Miami Dade Schools adding CPR as part of their curriculum

In a forward-thinking and health-minded ddade-schoolecision, the school board of Miami-Dade county has become the first in the state to elect to educate students in Hands-Only CardioPulmonary Resuscitation (CPR) as part of their Physical Fitness curriculum. While Florida is not one of the country’s 34 states that require that students be taught CPR in schools, the American Heart Association is hopeful that Florida’s largest district will set a precedent and lead the way for other counties to follow suit. Teaching CPR in school is an easy, convenient way to educate generation after generation of potential life savers.

Statistically, when applied straight away, CPR can triple the survival rate of someone who has suffered from cardiac arrest. A population with proper training can provide significant support for a person who’s life may hang in the balance as they wait for emergency responders to arrive.

This summer in Winter Haven, FL, nine year old Thomas Ingram, Jr. was pulled from the bottom of a swimming pool by his friend, ten year old Larry Wagner. After getting the attention of a family friend and another man, CPR was finally administered to Ingram by a third adult, a property security guard, and he survived what could have very well been death by drowning.

Thankfully, that scenario had a happy resolution. However, imagine a situation in which the property’s security guard was not present. Larry Wagner was able to pull his friend out of the swimming pool, but then what? Not one, but two adults responded to his cries for help and yet neither acted in a manner that could effectively save Ingram’s life. The story could have had a very different and tragic ending were it not for the security guard’s education and quick actions.
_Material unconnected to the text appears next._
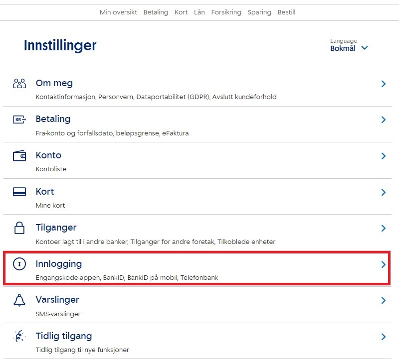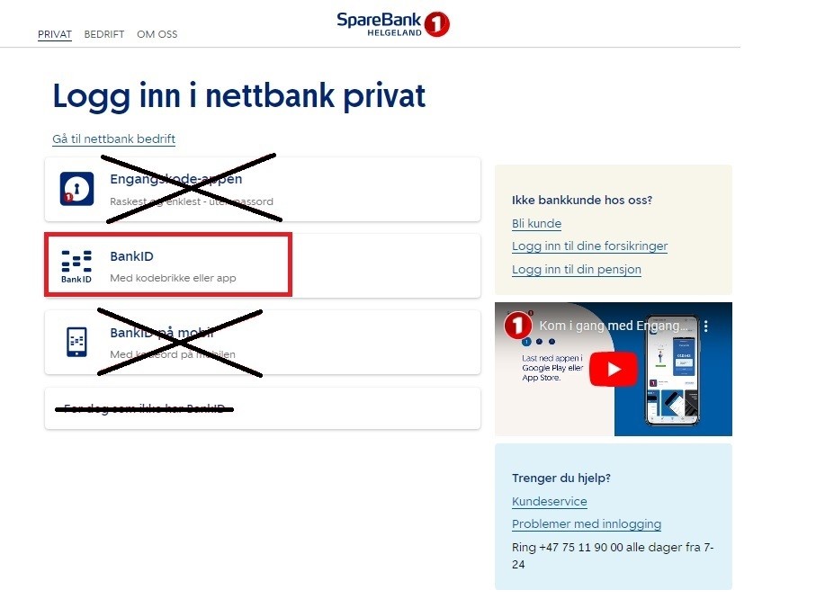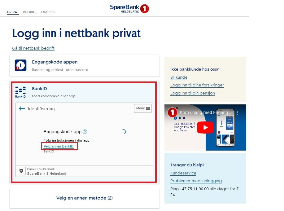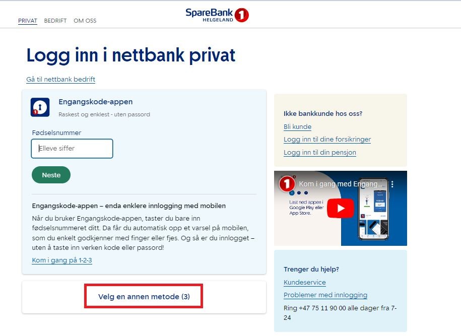 Logg inn med ditt fødselsnummer. Du bruker så din kodebrikke eller Engangskode-appen, pluss ditt personlige BankID-passord for å gå videre. Vises ikke riktig metode, klikk på "Velg en annen BankID".

Now imagine a scenario where not only the two adults present had adequate CPR training but perhaps even young Wagner himself.

The first line of defense against death by cardiac arrest is not millions of dollars of cutting edge medical equipment, but the intellectual understanding of a very simple and effective life saving technique. Neglecting to teach young students CPR is neglecting the possibility that any one of them could at some time in their lives find themselves tragically unable to assist a loved one in dire need. It also neglects the fact that any one of us could just as well suffer from cardiac arrest and become completely dependent on those around us to come to our rescue.

The Miami-Dade board’s decision is to be applauded and emulated as it will surely have a life-saving effect on the future of its student body and their associates.